The goal of this project is to illustrate dimensionality reduction in data analysis. It is a skeleton and it is not generalized. The user should modify the scripts in order to evaluate it for different data.
This simple project creates a plot from insideairbnb.com data for the city of Paris. The quantities observed are Price, Square Feet and Year.
csvkit
python > 3.0
numpy > 1.16
gnuplot
The scripts in this project were written for a very specific dataset, namely, insideairbnb data for Paris for the months of May from 2015 and 2018. The user can collect the data herself by visiting insideairbnb.com or to execute the script collect.sh.

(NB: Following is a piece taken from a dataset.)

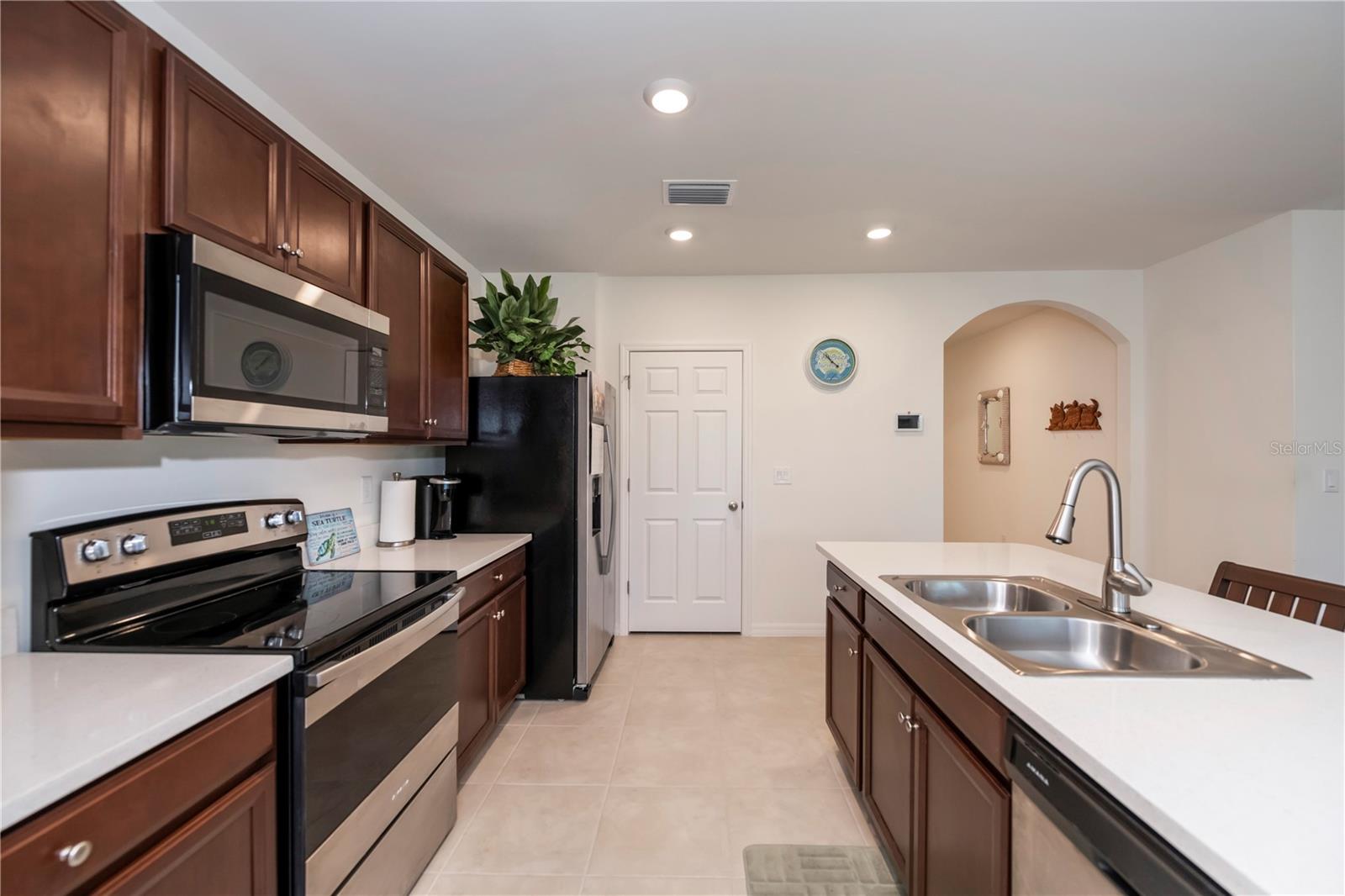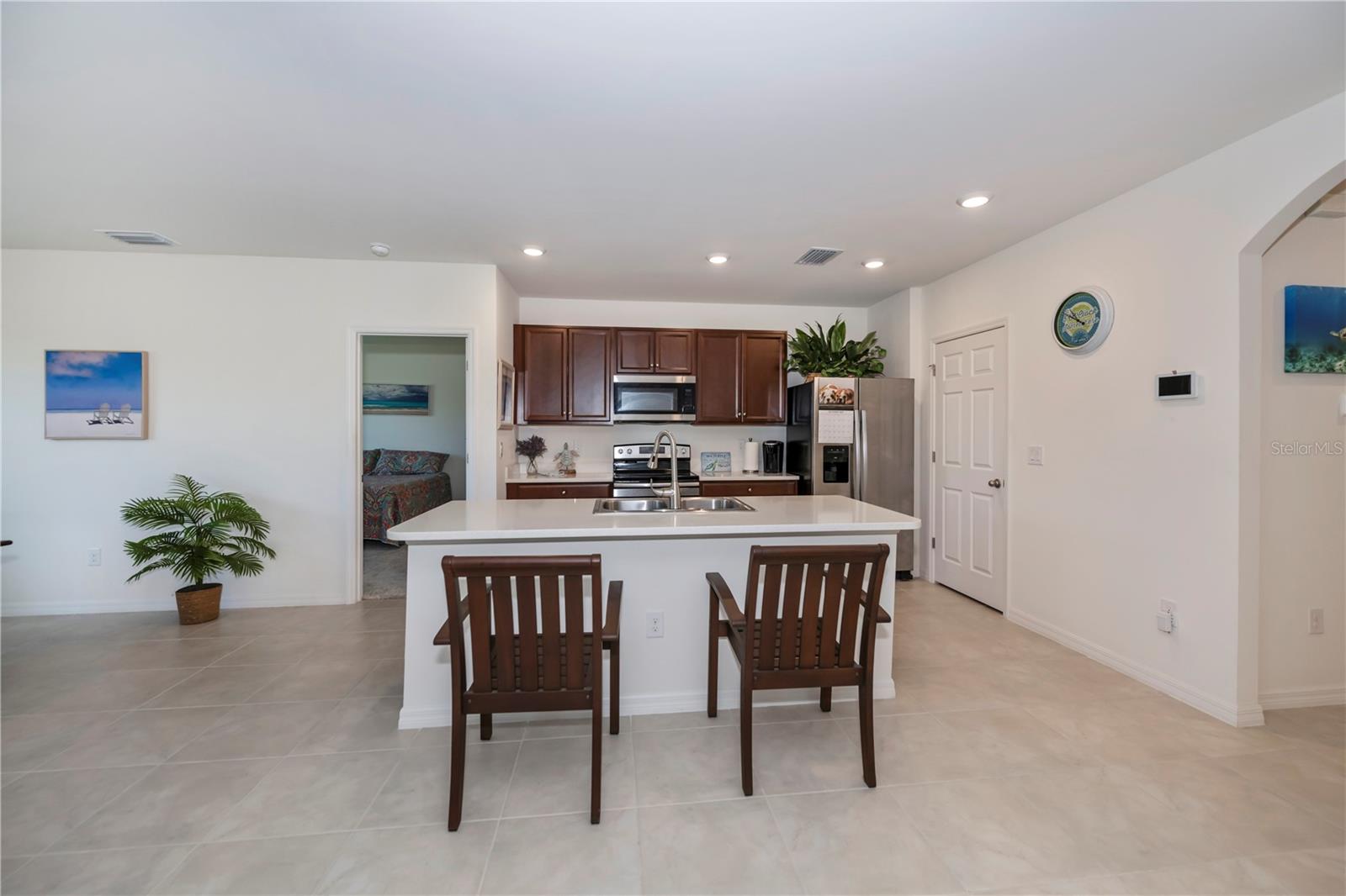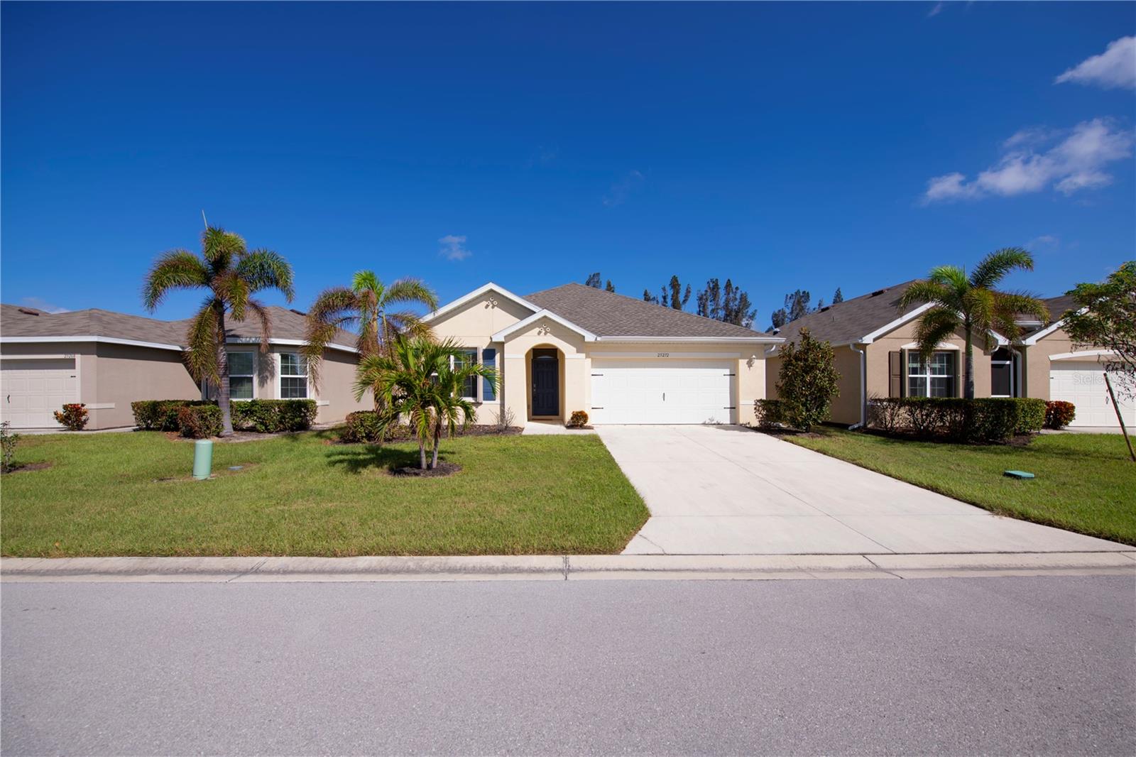 BACKYARD PRIVACY AWAITS in the spacious and nearly new 2020 3/2/2 Arias model by D.R Horton in the sought after, GATED and DEED RESTRICTED community of Waterford, LOW HOA , PET & GOLF CART FRIENDLY with great amenities including 2 SEPARATE RESORT STYLE POOLS! Merely minutes to the walking downtown of Punta Gorda, this newer split plan home has an EXTRA DEEP BACKYARD backing up to a FENCED AND MANICURED GREENBELT for most serene enjoyment from your SCREENED LANAI day or night all year round. Chef worthy kitchen has its own SEPARATE DINING/ breakfast area with serene views, rich DARK MAPLE cabinetry, CORIAN COUNTERTOPS, convenient BREAKFAST BAR, PANTRY, and wonderful NATURAL LIGHT. STAINLESS APPLIANCES simply perfect for entertaining. The spacious Great room has glass sliding door access nearby to the covered screened lanai allowing for beautiful breezes in both spring and fall. The master bedroom has new carpeting with expansive walk in closet and ensuite master bath complete with dual sinks. Both guest bedrooms, have brand new carpet, are generous in size plus certain to impress your company with ample closet space up front and share a sleek bathroom. Inside laundry, easy upgraded accordion storm shutters and nice deco trimmed windows add value and charm.WATERFORD is a CAREFREE LIFESTYLE completely built out and perfect for year round residents or seasonal snowbirds with lush landscaping, nice sidewalks, fitness center, billiard room, pickleball, walking trails, bocce ball, grilling areas, private event room, covered community mailboxes, TWO RESORT STYLE POOLS and lively events with low hoa covering lawn mowing, yard irrigation, and trimming too. A must see this charming community that spans over 150 acres of land with exceptional location close to the gorgeous and fun Sunseekers resort, Punta Gorda airport, marinas, golf courses, hospitals, Gilchrest ,Laishley , and Ponce De Leon parks, boutique shopping, specialty dining, farmers markets and wide array of entertainment. Don't miss out on this wonderful home and fabulous SW Florida lifestyle that you've been dreaming of, schedule your showing TODAY!

The script paris-data-analysis.sh will collect the columns of interest for each year dataset, compute its first two principal components and create a plot with plane fitting and another with no plane fitting.
Usage:
sh paris-data-analysis.sh [Paris-Neighborhood]
Example:
sh paris-data-analysis.sh Élysée
Batignolles-Monceau
Bourse
Buttes-Chaumont
Buttes-Montmartre
Entrepôt
Élysée
Gobelins
Hôtel-de-Ville
Louvre
Luxembourg
Ménilmontant
Observatoire
Opéra
Palais-Bourbon
Panthéon
Passy
Popincourt
Reuilly
Temple
Vaugirard
In this example, the plane could be used to approximate (predict) observations by storing fewer information than the original data (instead of 3n values, we need to store only 2n). The compression ratio becomes more important as we handle data with higher dimensions, the common example being images. A classical application is face recognition.